Dataset extract:
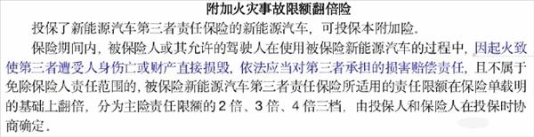 為此,針對新能源汽車的火災事故,特別推出有火災事故限額翻倍險。新能源汽車因起火只是第三者人身傷亡或者財產(chǎn)直接損毀,依法應對第三者承擔的損害賠償責任,且不屬于免除保險人責任范圍的,被保險新能源汽車第三者責任保險所適用的責任限額在保險單載明的基礎上翻倍,分為主責任限額的2倍、3倍、4倍三檔,由投保人和保險人在投保時協(xié)商確定。按照當前三責險最高1000萬元的保額來計算,新能源汽車的火災事故限額翻倍險,最高可以翻4倍,投保4千萬元的保額,滿足車主因火災賠付的理賠需求。
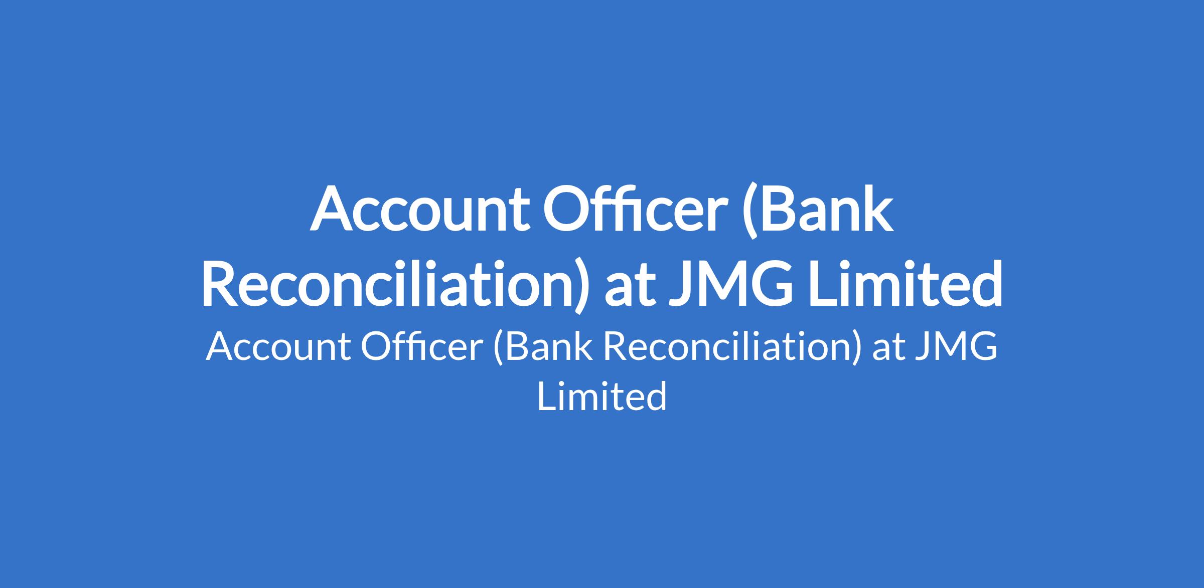 JMG Limited is recruiting to fill the position of: Account Officer (Bank Reconciliation). The position is located in Victoria Island, Lagos State. Interested candidates should possess a B.Sc / HND in Accounting, Finance, Banking & Finance, Economics, or related discipline with 1 3 years experience in accounting, bank reconciliation, or financial operations. ICAN / ACCA certification or progress toward certification is an added advantage.
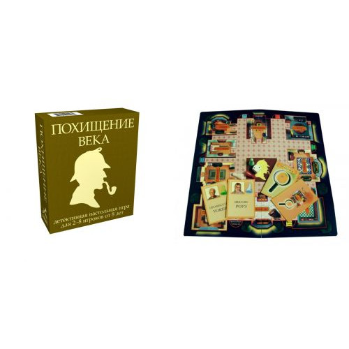 Настольная игра 'Похищение века'.В этой игре каждому мгроку придется, при помощи дедуктивного метода, собрать и проанализировать вещественные доказательства, чтобы раскрыть запутанное ограбление. Шесть героев (подозреваемых), шесть вещественных доказательств, оставленных кем-то в доме, девять комнат. Передвигаясь по игровому полю, игрокам нужно выдвигать свои версии. Только логика и внимание во время игры помогут одному из детективовраспутать это преступление.

Your instructions: Retype the data word for word, please, and keep the images out.

Response:
 為此,針對新能源汽車的火災事故,特別推出有火災事故限額翻倍險。新能源汽車因起火只是第三者人身傷亡或者財產(chǎn)直接損毀,依法應對第三者承擔的損害賠償責任,且不屬于免除保險人責任范圍的,被保險新能源汽車第三者責任保險所適用的責任限額在保險單載明的基礎上翻倍,分為主責任限額的2倍、3倍、4倍三檔,由投保人和保險人在投保時協(xié)商確定。按照當前三責險最高1000萬元的保額來計算,新能源汽車的火災事故限額翻倍險,最高可以翻4倍,投保4千萬元的保額,滿足車主因火災賠付的理賠需求。
 JMG Limited is recruiting to fill the position of: Account Officer (Bank Reconciliation). The position is located in Victoria Island, Lagos State. Interested candidates should possess a B.Sc / HND in Accounting, Finance, Banking & Finance, Economics, or related discipline with 1 3 years experience in accounting, bank reconciliation, or financial operations. ICAN / ACCA certification or progress toward certification is an added advantage.
 Настольная игра 'Похищение века'.В этой игре каждому мгроку придется, при помощи дедуктивного метода, собрать и проанализировать вещественные доказательства, чтобы раскрыть запутанное ограбление. Шесть героев (подозреваемых), шесть вещественных доказательств, оставленных кем-то в доме, девять комнат. Передвигаясь по игровому полю, игрокам нужно выдвигать свои версии. Только логика и внимание во время игры помогут одному из детективовраспутать это преступление.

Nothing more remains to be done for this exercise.